Holland & Knight's Securities Enforcement Defense Team and Data Strategy, Security & Privacy Team will continue to monitor developments of the SEC's cybersecurity-related enforcement actions. For more information about this case, contact the authors.
Notes
1 See, e.g., statements by Commissioner Hester Peirce, 1 and 2, and Peirce with Commissioner Mark Uyeda.
2 In the Matter of Avaya Holdings Corp., Release No. 34-101398 (Oct. 22, 2024) ("Avaya Order").
3 Section 17(a)(2) of the Securities Act prohibits the offer or sale of a security by means of any untrue statement of a material fact or any omission to state a material fact necessary in order to make the statements made, in light of the circumstances under which they were made, not misleading. Section 17(a)(3) of the Securities Act makes it unlawful for any person in the offer or sale of a security to engage "in any transaction, practice, or course of business which operates or would operate as a fraud or deceit upon the purchaser." Section 13(a) of the Exchange Act and Rule 13a-13 requires the filing of quarterly reports in conformity with the SEC's rules and regulations. Rule 12b-20 requires issuers to include in quarterly reports any material information necessary to make the required statements in the filing not misleading.

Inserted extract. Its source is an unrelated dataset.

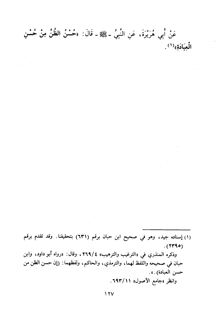 عَنْ أبِي هُرَيْرَةَ، عَنِ النَّبِيِّ -صلى الله عليه وسلم- قَالَ: "حُسْنُ الظَّن مِنْ حُسْنِ الْعِبَادَةِ" (¬1).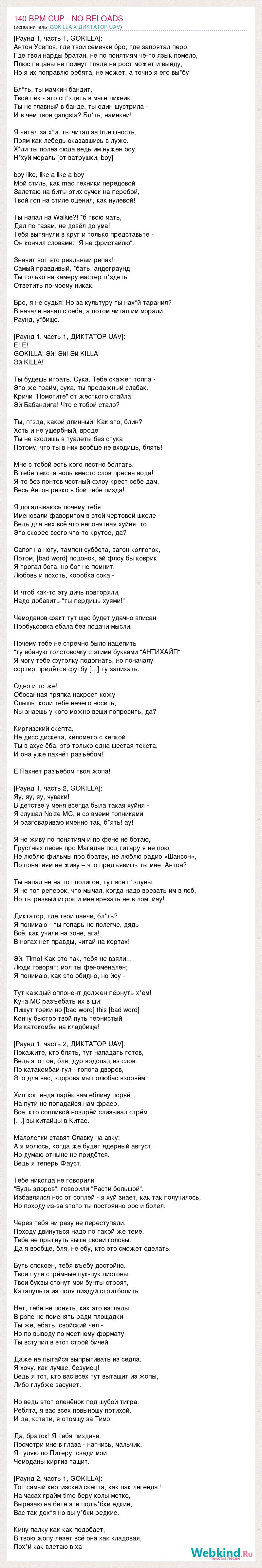 [Раунд 1, часть 1, GOKILLA]: Антон Усепов, где твои семечки бро, где запрятал перо, Где твои нарды братан, не по понятиям чё-то язык помело, Плюс пацаны не поймут глядя на рост может и выйду, Но я их поправлю ребята, не может, а точно я его вы*бу! Бл*ть, ты мамкин бандит, Твой пик - это сп*здить в маге пикник. Ты не главный в банде, ты один шустрила - И в чем твое gangsta? Бл*ть, намекни! Я читал за х*и, ты читал за true'шность, Прям как лебедь оказавшись в луже. Х*ли ты полез сюда ведь им нужен boy, Н*хуй мораль [от ватрушки, boy] boy like, like a like a boy Мой стиль, как mac техники передовой Залетаю на биты этих сучек на перебой, Твой гоп на стиле оценил, как нулевой! Ты напал на Walkie?! *б твою мать, Дал по газам, не довёл до ума! Тебя вытянули в круг и только представьте - Он кончил словами: "Я не фристайлю". Значит вот это реальный репак! Самый правдивый, *бать, андеграунд Ты только на камеру мастер п*здеть Ответить по-моему никак. Бро, я не судья! Но за культуру ты нах*й таранил? В начале начал с себя, а потом читал им морали. Раунд, у*бище. [Раунд 1, часть 1, ДИКТАТОР UAV]: Е! Е! GOKILLA! Эй! Эй! Эй KILLA! Эй KILLA! Ты будешь играть. Сука. Тебе скажет толпа - Это же грайм, сука, ты продажный слабак. Кричи "Помогите" от жёсткого стайла! Эй Бабандига! Что с тобой стало? Ты, п*зда, какой длинный! Как это, блин? Хоть и не ущербный, вроде Ты не входишь в туалеты без стука Потому, что ты в них вообще не входишь, блять! Мне с тобой есть кого лестно болтать. В тебе текста ноль вместо слов пресна вода! Я-то без понтов честный флоу крест себе дам, Весь Антон резко в бой тебе пизда! Я догадываюсь почему тебя Именовали фаворитом в этой чертовой школе - Ведь для них всё что непонятная хуйня, то Это скорее всего что-то крутое, да? Сапог на ногу, тампон суббота, вагон колготок, Потом, [bad word] подонок, эй флоу бы коврик Я трогал бога, но бог не помнит, Любовь и похоть, коробка сока - И чтоб как-то эту дичь повторяли, Надо добавить "ты пердишь хуями!" Чемоданов факт тут щас будет удачно вписан Пробуксовка ебала без подачи мысли. Почему тебе не стрёмно было нацепить "ту ебаную толстовочку с этими буквами "АНТИХАЙП" Я могу тебе футолку подогнать, но поначалу сортир придётся футбу [...] ту запихать. Одно и то же! Обосанная тряпка накроет кожу Слышь, коли тебе нечего носить, Nы знаешь у кого можно вещи попросить, да? Киргизский скепта, Не дисс дискета, километр с кепкой Ты в ахуе ёба, это только одна шестая текста, И она уже пахнёт разъёбом! Е Пахнет разъёбом твоя жопа! [Раунд 1, часть 2, GOKILLA]: Яу, яу, яу, чуваки! В детстве у меня всегда была такая хуйня - Я слушал Noize MC, и со вмеми гопниками Я разговариваю именно так, б*ять! ау! Я не живу по понятиям и по фене не ботаю, Грустных песен про Магадан под гитару я не пою. Не люблю фильмы про братву, не люблю радио «Шансон», По понятиям не живу – что предъявишь ты мне, Антон? Ты напал не на тот полигон, тут все п*здуны, Я не тот реперок, что мычал, когда надо врезать им в лоб, Но ты резвый игрок и мне врезать не в лом, йау! Диктатор, где твои панчи, бл*ть? Я понимаю - ты гопарь но полегче, дядь Всё, как учили на зоне, ага! В ногах нет правды, читай на кортах! Эй, Timo! Как это так, тебя не взяли... Люди говорят: мол ты феноменален; Я понимаю, как это обидно, но йоу - Тут каждый оппонент должен пёрнуть х*ем! Куча MC разъебать их в щи! Пишут треки но [bad word] this [bad word] Кончу быстро твой путь тернистый Из катокомбы на кладбище! [Раунд 1, часть 2, ДИКТАТОР UAV]: Покажите, кто

4 In the Matter of Mimecast Limited, Release No. 34-101400 (Oct. 22, 2024) ("Mimecast Order").
5 In the Matter of Unisys Corporation, Release No. 34-101401 (Oct. 22, 2024) ("Unisys Order").
6 Rule 13a-15(a) requires issuers to maintain disclosure controls and procedures that are designed to ensure that information required to be disclosed is accumulated and communicated to management to allow for timely decisions regarding disclosure.
7 In the Matter of Check Point Software Technologies Ltd., Release No. 34-101399 (Oct. 22, 2024) ("Check Point Order").
8 The disclosures and risk factors in these four cases preceded the 2023 Cybersecurity Rule, which now requires material cybersecurity incidents to be disclosed in Item 1.05 on the Form 8-K.